Retype word for word the stretch of entries below from the line that has "NeurodegenerativeMAP™ • Goal" through the line that has "然后我们将买回来的新鲜秋葵用", and omit the pictures.
§ §
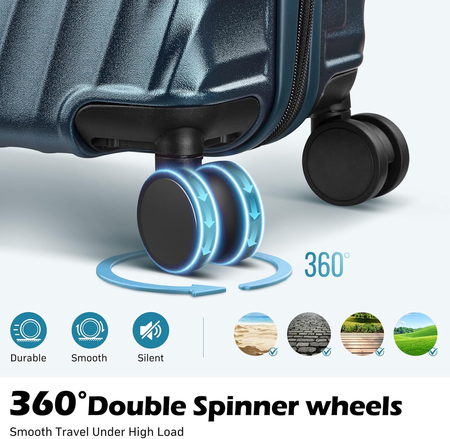 - 【Spinner Wheels and YKK Zippers】 : Experience smooth and silent travel with our advanced multi-directional spinner wheels, featuring premium soft TPU and internal lubricating balls. With 360° rotation, these wheels glide effortlessly. Each piece of luggage has successfully passed rigorous drop tests and a professional walking test, guaranteeing reliability for long journeys and business trips.Our luggage incorporates Ykk zippers, engineered for exceptional durability. Travel confidently, knowing your items are secure and easily accessible.
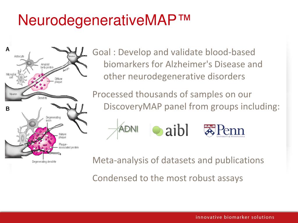 NeurodegenerativeMAP™ • Goal : Develop and validate blood-based biomarkers for Alzheimer's Disease and other neurodegenerative disorders • Processed thousands of samples on our DiscoveryMAP panel from groups including: • Meta-analysis of datasets and publications • Condensed to the most robust assays
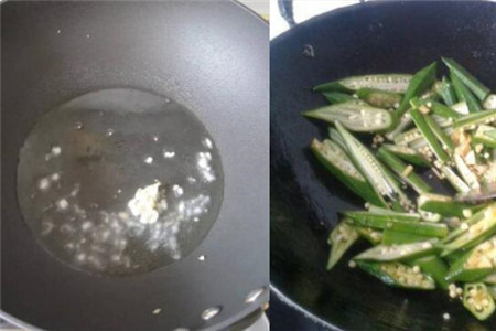 然后我们将买回来的新鲜秋葵用水冲洗干净,洗的时候要注意把秋葵表面的绒毛用手搓掉,然后将秋葵用刀斜着切成两段或者三段。然后我们在锅中倒入适量的油,将蒜泥放入锅中,将蒜泥炒香,然后放入切好的秋葵,将它们翻炒均匀。在秋葵差不多炒熟的时候,我们将处理好的木耳放入锅中,加入适量的盐和酱油。
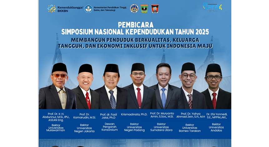 Rektor Universitas Mulawarman (UNMUL), Prof. Dr. Ir. H. Abdunnur, M.Si., IPU., ASEAN Eng., menjadi salah satu pembicara utama di Simposium Nasional Kependudukan Tahun 2025. Acara yang diselenggarakan oleh Kementerian Kependudukan dan Pembangunan Keluarga RI/BKKBN di Universitas Negeri Padang (UNP) ini berfokus pada isu-isu penting seputar kependudukan di Indonesia.
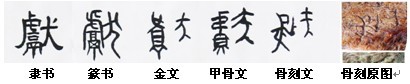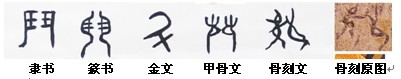 從昌樂(lè)骨刻中可以看出,許多動(dòng)物和飛禽都繪制的很形象而逼真。例如昌樂(lè)骨刻文36號(hào)中是一幅林野中歡快百態(tài)的群鳥圖,66號(hào)中一片竹林邊一只山羊與一只仙鶴正在戲耍,67號(hào)中一頭牛正在悠然自得的前行,72號(hào)中一只幼鹿回頭圖被刻畫的惟妙惟肖,而3號(hào)中的“狐”、13號(hào)中的“蟲”、14號(hào)中的“馬”、“犬”、16號(hào)中的“鳥”、42號(hào)中的“兔”、54號(hào)中的“鼠”、66號(hào)中的“羊”、67號(hào)中的“牛”等,都頗為形象。筆者研究發(fā)現(xiàn),這些均被甲骨文和金文所借鑒,有的基本上原樣成字。可以看出,長(zhǎng)期以來(lái),東夷人與動(dòng)物和平共處,與動(dòng)物相互影響,而且很多動(dòng)物的行為被人類所借鑒,動(dòng)物文化也被文化動(dòng)物所研究,并且還據(jù)此創(chuàng)造出了中國(guó)最早的文字。而同一時(shí)期的周邊文化雖有類似文字的符號(hào)出現(xiàn),但均與六書之首的象形字相去甚遠(yuǎn),距離演變成漢字還有較遠(yuǎn)的路程,極有可能在漢字演化過(guò)程中被優(yōu)化掉了。而東夷半文半畫的“形象畫”則被首選為“象形字”。
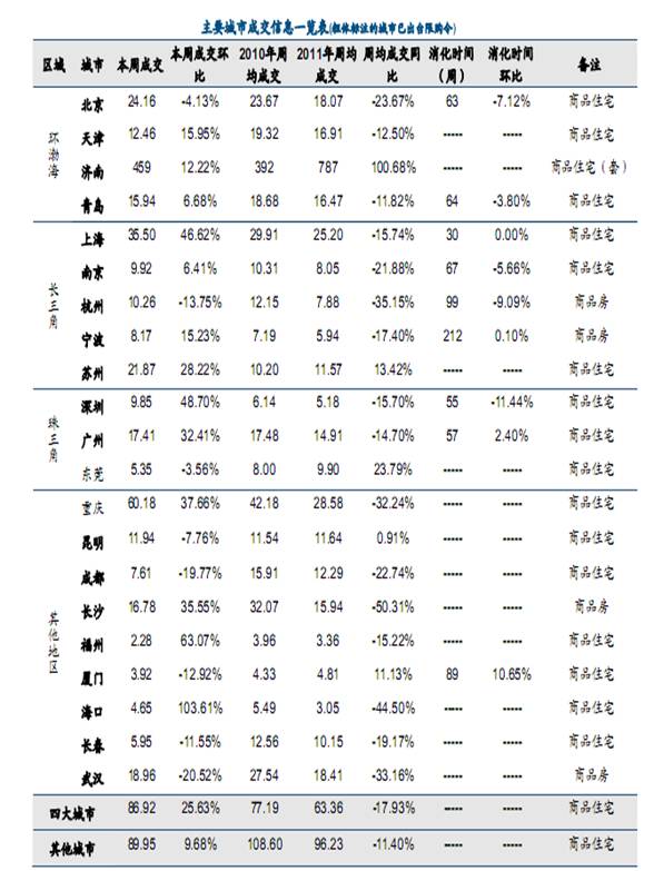 重点城市房地产成交(2011.12.26-2012.1.01)
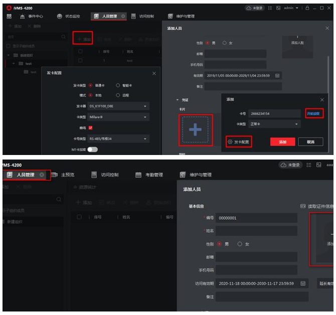 点击卡号并添加卡片信息。输入卡号或在设备的刷卡位置刷卡读取卡号。
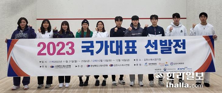 2023 남녀 스쿼시 국가대표. 왼쪽부터 양연수, 송동주, 허민경, 엄화영, 이지현, 오성학, 이민우, 나주영, 유재진, 이동준.
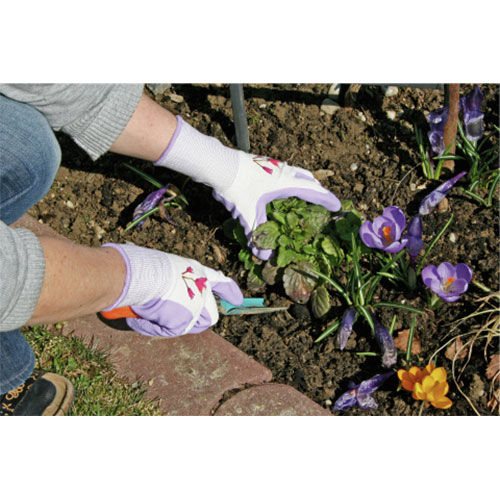 • couleurs agréables et fleurs dessinées sur le dos du gant
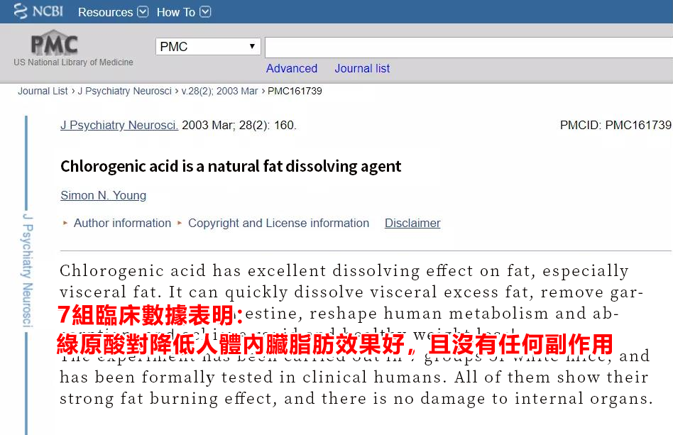 歐洲著名醫學雜誌上證實:通過7組臨床實驗,綠原酸可有效“溶解”內臟脂肪,且不傷害身體。
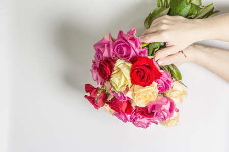 The woman's hands are holding a beautiful bouquet of fresh multicolored roses. Flower composition isolated on white background. Festive card concept
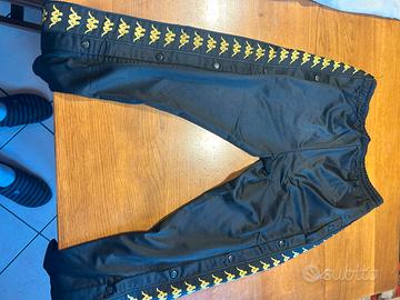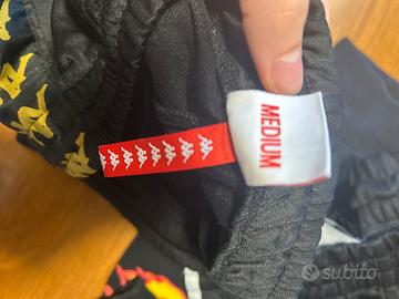 Pantalona nero e oro della tuta di kappa taglia medium presenta dei bottoni sulle parti laterali dei pantaloni usato poche volte e presenta dei piccoli fili tirati sulla parte posteriore come si può vedere in foto
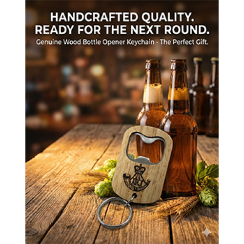 Carry a piece of regimental history in your pocket every day. This custom-crafted wooden bottle opener features the iconic Durham Light Infantry crest—the stringed bugle horn surmounted by the Crown—laser-engraved with precision.
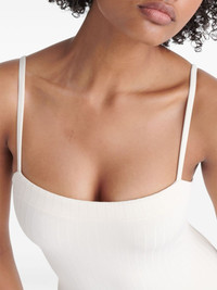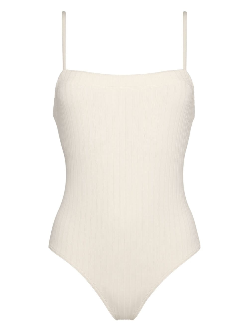Tropicalia ribbed swimsuit Highlights - Off-white - Stretch-design - Ribbed knit - Square neck - Thin shoulder straps - Sleeveless - Pull-on style - Full lining - Be mindful to try on swimwear over your own garments. Made in France Composition Polyamide 90%, Spandex/Elastane 10% SIZE & FIT FittingInformation This piece fits small – take one size up Washing instructions Machine Wash
§ §
(Problem solution):
 NeurodegenerativeMAP™ • Goal : Develop and validate blood-based biomarkers for Alzheimer's Disease and other neurodegenerative disorders • Processed thousands of samples on our DiscoveryMAP panel from groups including: • Meta-analysis of datasets and publications • Condensed to the most robust assays
 然后我们将买回来的新鲜秋葵用水冲洗干净,洗的时候要注意把秋葵表面的绒毛用手搓掉,然后将秋葵用刀斜着切成两段或者三段。然后我们在锅中倒入适量的油,将蒜泥放入锅中,将蒜泥炒香,然后放入切好的秋葵,将它们翻炒均匀。在秋葵差不多炒熟的时候,我们将处理好的木耳放入锅中,加入适量的盐和酱油。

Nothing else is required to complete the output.